In order to create a believable conflict between your fictional tribes, it's essential to provide historical context. Studying current world conflicts is an excellent place to get inspiration. Was there a land grab? An oppressive ruler who belonged to a minority group? A wave of religious intolerance and slaughter? A patriarchal-society prince spurned by a matriarchal-society princess? An advance in medical care, leading to a population boom? The rise of a prophet?

Consider how long you want the tension to have existed. Ancient rivalries are far more difficult, and sometimes impossible, to truly set aside. They can become part of one's tribal identity, and even in times of peace, distrust and aggression can surface without warning.

Derogatory phrases perpetuate such negative characterizations. Consider our Earth phrase "I got gypped". This perpetuates the idea that Gypsies are untrustworthy thieves. Another is "Indian giver". Jokes at the expense of another culture also perpetuate superior feelings by giving permission to laugh at the supposed inferiority of the other tribe. If your tribes really want to teach their children hate and distrust, they'll incorporate such insulting phrases and jokes into their everyday language.

Alternately, direct insults, a.k.a. racial slurs, are a much stronger form of dislike, often used to directly insult a disliked person to their face, or to indicate dismissal and superiority through using the term to a like-minded tribesman. Consider the powerful context of the infamous N-word in American culture, or the myriad derogatory terms that the American culture has used to describe its various enemies during wartime, and which persisted for decades even after the wars were ended.

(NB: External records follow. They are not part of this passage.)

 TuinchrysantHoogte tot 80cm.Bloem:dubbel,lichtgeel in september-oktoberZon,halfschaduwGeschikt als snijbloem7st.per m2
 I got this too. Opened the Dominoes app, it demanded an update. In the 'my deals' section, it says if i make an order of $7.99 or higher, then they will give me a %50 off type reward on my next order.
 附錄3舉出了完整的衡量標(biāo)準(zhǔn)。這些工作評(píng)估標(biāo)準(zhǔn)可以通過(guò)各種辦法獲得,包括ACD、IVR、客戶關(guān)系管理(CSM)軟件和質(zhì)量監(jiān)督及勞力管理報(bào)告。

With time, some of these derogatory terms can become accepted by the tribes they're applied to, either by disinterested parties or by the insulted tribes themselves. Several Native American tribes are now known by names coined by their enemies.The term "Christian" used to be an insult a couple thousand years ago. Whether the name is forced upon its targets or whether they embrace it for their own reasons is up to you.

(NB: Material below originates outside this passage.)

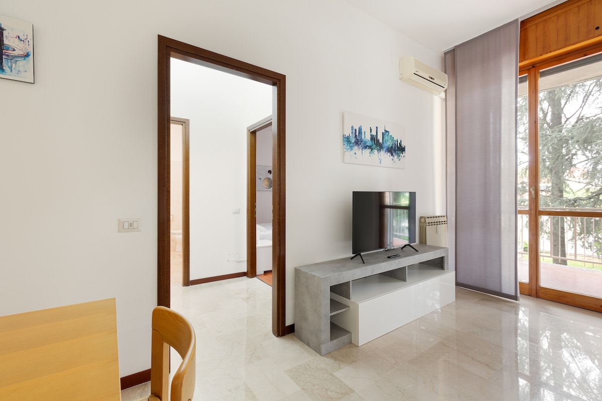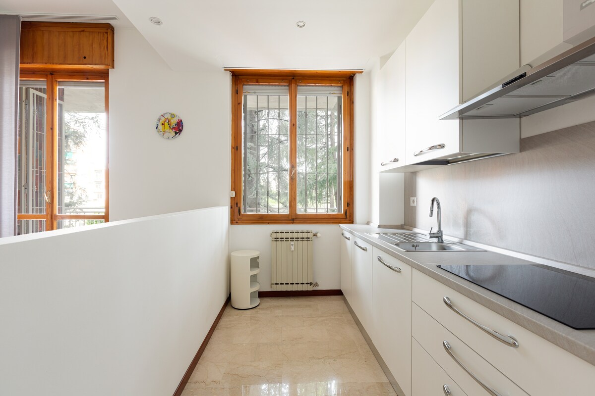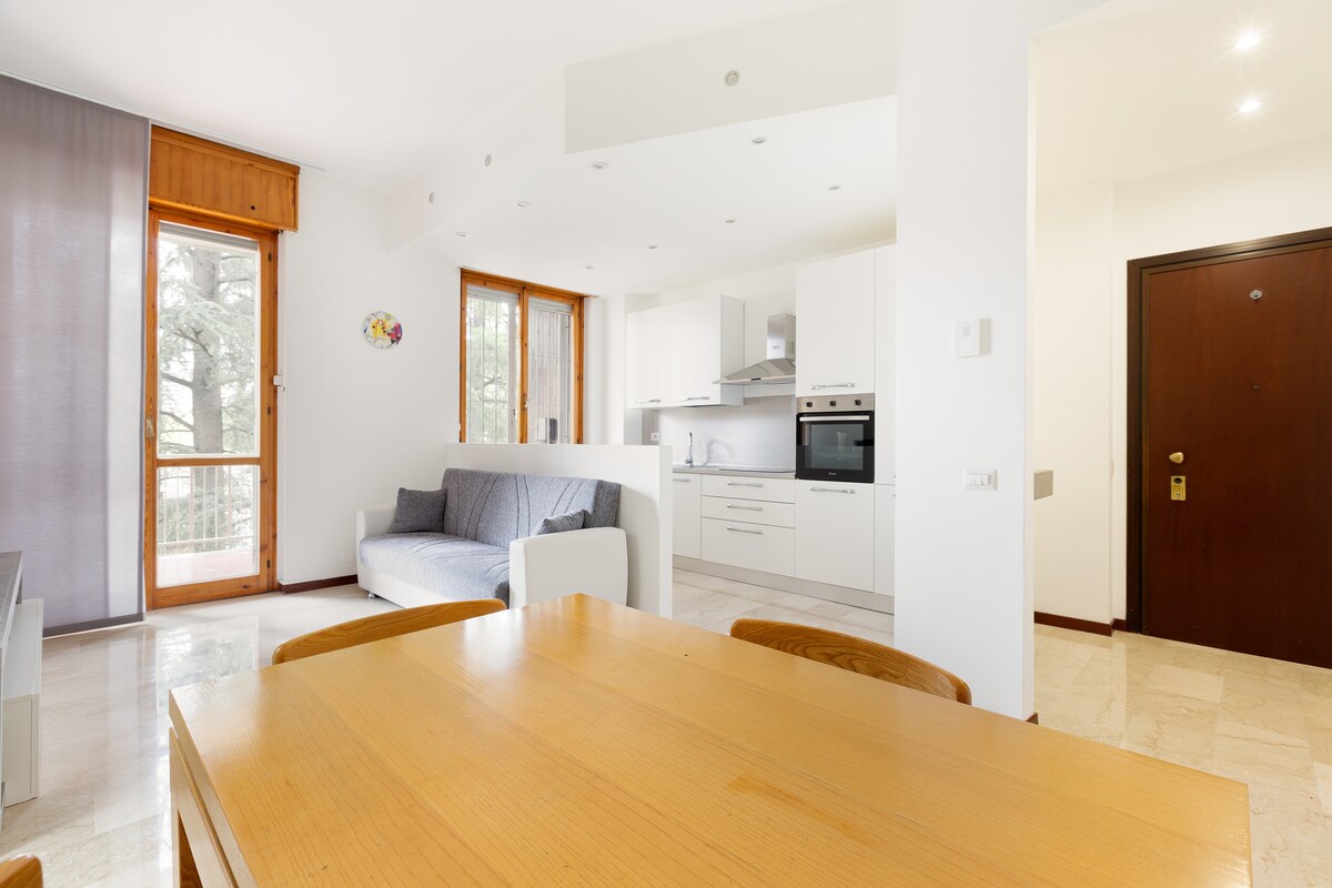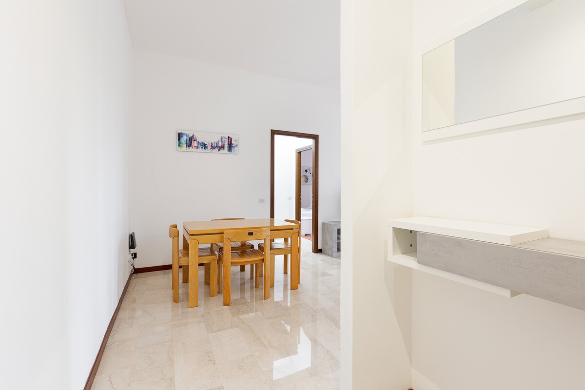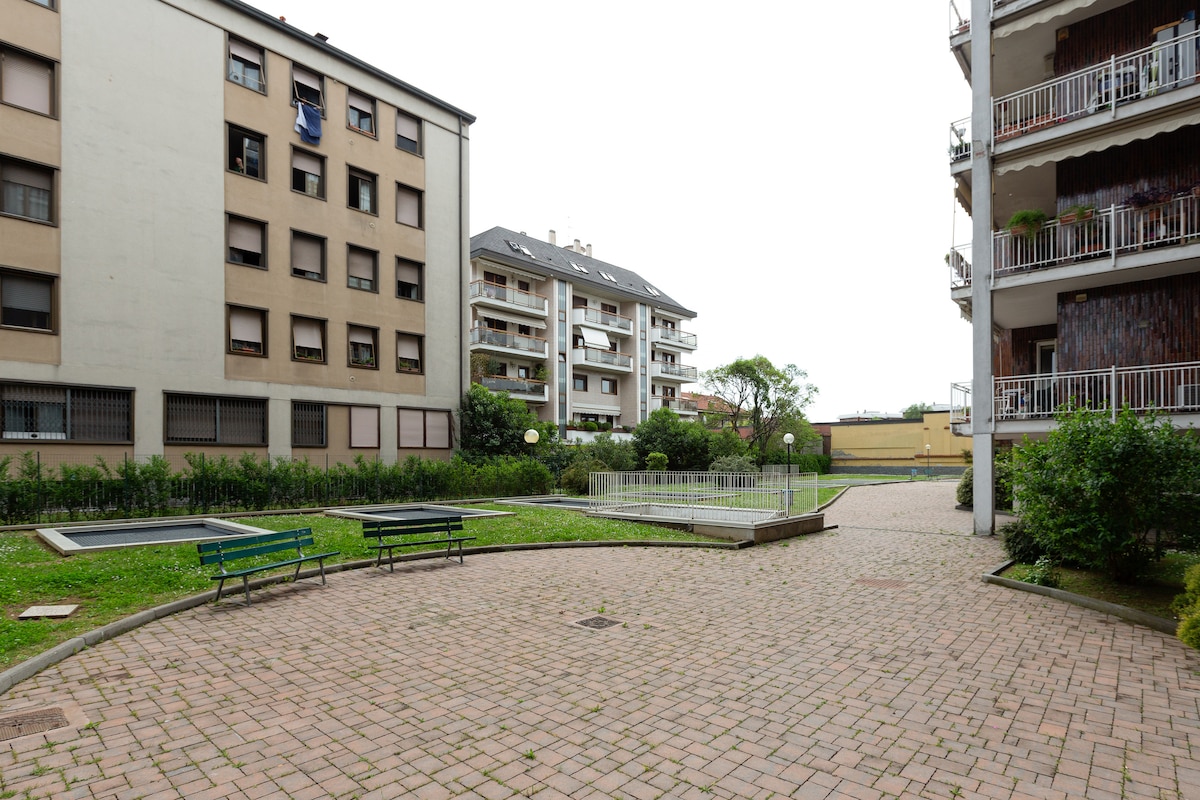 Bright and welcoming 60 mq apartment with terrace equipped with outdoor furniture and able to accommodate up to 3 people! The accommodation is located on the first floor of a building with lift located in a residential area of the Precotto district of Milan and overlooks the shared garden. The property is located in a strategic position to reach Monza and the center of Milan (via underground or suburban trains from Greco Pirelli).

Whatever your tribal tale, don't forget to consider your audience, and their own tribal background. If the tribal conflict you choose to write about isn't something your readers have cultural experience with, use other ways to help them relate, through character reactions and plot consequences. When you can get your readers to relate strongly to your fictional conflict, you've captured the essence of tribalism.